Старший редактор чуть ли не рыдала от страха, обращаясь к членам редсовета:
— Это что же получается, товарищи? Выходит, у нас все эти годы в стране была зима и вот только теперь начинается «оттепель»?.. Это же клевета на нашу советскую действительность. Разве может быть такое допущено к публикации? Вдумайтесь, кому подсовывается этот свистящий об оттепели суслик — детям! Де-тя-ам!
Непристойно.
Зло.
Гнусно.
А ведь шел уже 59 год!.. Умерший еще жил среди нас и продолжал обирать наши души. За каждой кочкой, за каждым кустом нам все еще чуялся враг и мы все еще то и дело хватались за дубину, чтобы пригвоздить его сообща.
Да, были у нас в истории периоды, исследовать которые не разрешалось.
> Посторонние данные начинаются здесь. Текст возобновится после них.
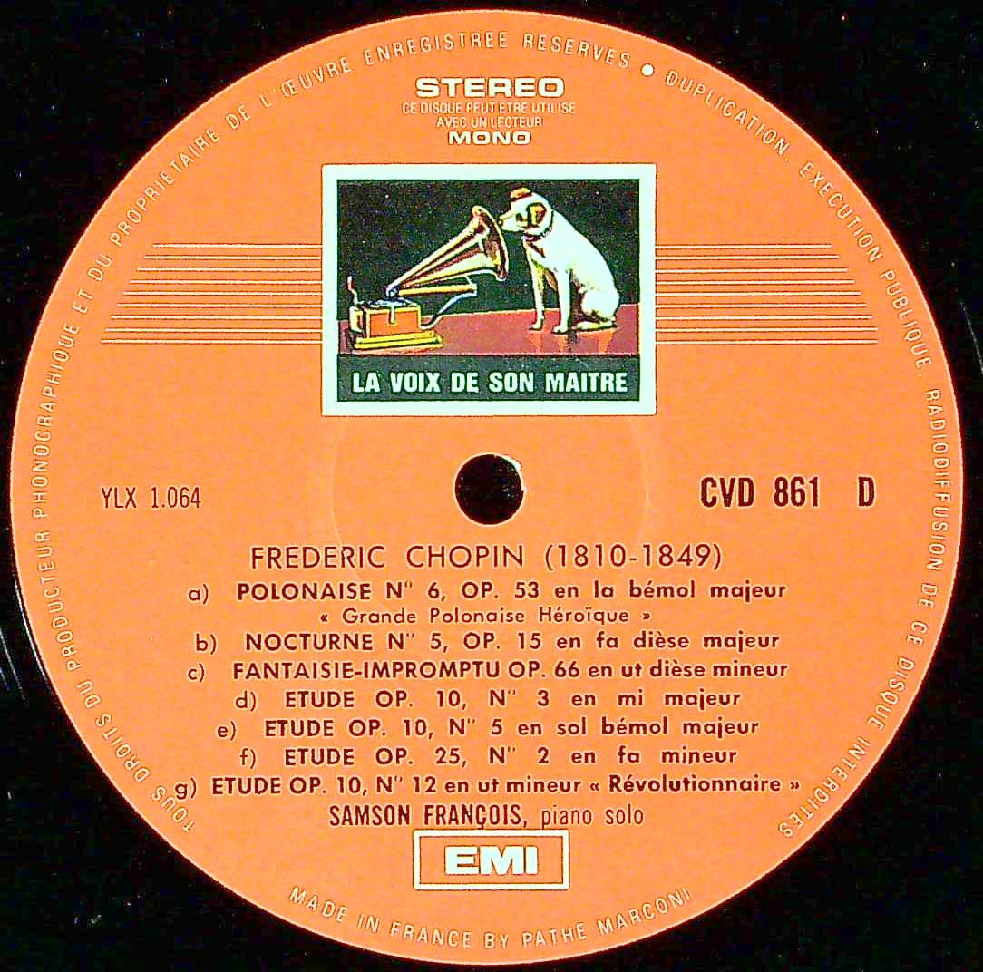 商品詳細:1960年サル・ワグラムでのショパン・リサイタル。1952年のFCX 180とは別録音。ショパン・リサイタルはこの他1964年サル・プレイエルが最後。'50年代のリサイタル盤より自由度が増しているが、それは諸刃の剣であり、自由すぎて曲が崩壊してしまう事もあったという。この録音は乗りの良さが成功しているケース。10年後の1970年、不摂生がたたり亡くなった。あまりに感性頼みのピアニスト。刹那的できらめきが随所に表れる。「Unique Récital」というタイトルでFCX 861/SAXF 181→SAXF 861→CCA 861で仏COLUMBIAから発売された。1967年頃から全ての仏COLUMBIA音源はLa Voix De Son Maîtreに統一され、CVD 861(白SCニッパー小stereo段なし)で始まると思われる。中間には様々なプレスが存在し1980年代まで再版が継続したフランソワの代表的なショパン・リサイタルである。どの盤で聴いてもタップリのフランソワらしさを味わえると確信できる録音で、まさにユニークな演奏である。カラー切手レーベルはなかなか音質は良く値段はこなれている。曲は小品12曲。彼の洒落っ気のあるタッチは、ショパンが最もわかりやすく、冒頭のポロネーズ一つとっても、これだけ軽やかに、流麗に、この重い曲をこなせるピアニストは多くない。心憎い程のスタイリッシュなショパン!尚タイトルは「Unique Récital Au Théâtre Des Champs-Elysées」だが録音はシャンゼリゼ劇場ではなくサル・ワグラム(Salle Wagram)であるので注意。この録音は毎年のようにプレスが繰り返された人気盤でプレスの種類が非常に多い番号である。当社ではプレス世代で価格を調整しており、それなりの金額としている。プレスを全て把握しているから出来る安心な価格である。フランソワのショパンを何か1枚とお考えなら当録音をお勧めする!プレスの種類は多いが年代別に価格を反映している。

Но не исследовав их, сможем ли мы понять самих себя? Ведь в тех «запретных» периодах — корни нашей души, нашей сегодняшней двуликости. Вот почему мы часто говорим одно, делаем другое, а думаем третье. Нам еще предстоит вернуть свое утраченное некогда лицо элементарной порядочности. Мы должны выговориться, если дальше хотим идти с чистой совестью.
Отец нас бросил, выше я говорил об этом, но он не просто бросил, а пропил казенные деньги и скрылся. Милиция искала его, но не нашла. Это случилось в 33 году, а через семнадцать лет, когда я уже учился в десятом классе, меня прямо с урока при всех ребятах забрал следователь и увел к себе в кабинет. Едва мы вошли к нему, как он обметнул меня хищным испытующим взглядом и строго, не предлагая даже сесть, спросил:
— Где твой отец?
Я не ожидал такого вопроса. Мне было всего год от роду, когда отец скрылся... Я столько пережил за годы сиротства... Но не будешь же обо всем говорить следователю, тем более — стоя перед ним, сидящим.
— Не знаю, — сказал я, сказал правду.
— Врешь, щенок! — оглушенный темнотой привыкшего властвовать над людьми сердца, ударил следователь кулаком по столу. — Ты знаешь, говори, тебе не провести меня, сопли еще под носом не просохли.
Что ж, дураки были и будут всегда, и все равно встреча с дураком всегда неожиданность, как со стеной, за которой, и ты знаешь это — продолжение твоей дороги.
Тот дурак дороги моей не загородил, но в памяти остался как грозовое предупреждение: ты только начинаешь идти, будь осторожен, впереди еще будут встречи.
Странно, но мне опять почему-то подумалось, что и у подлецов есть жены, и они их целуют. Целуют подлецов! И даже рожают от них детей.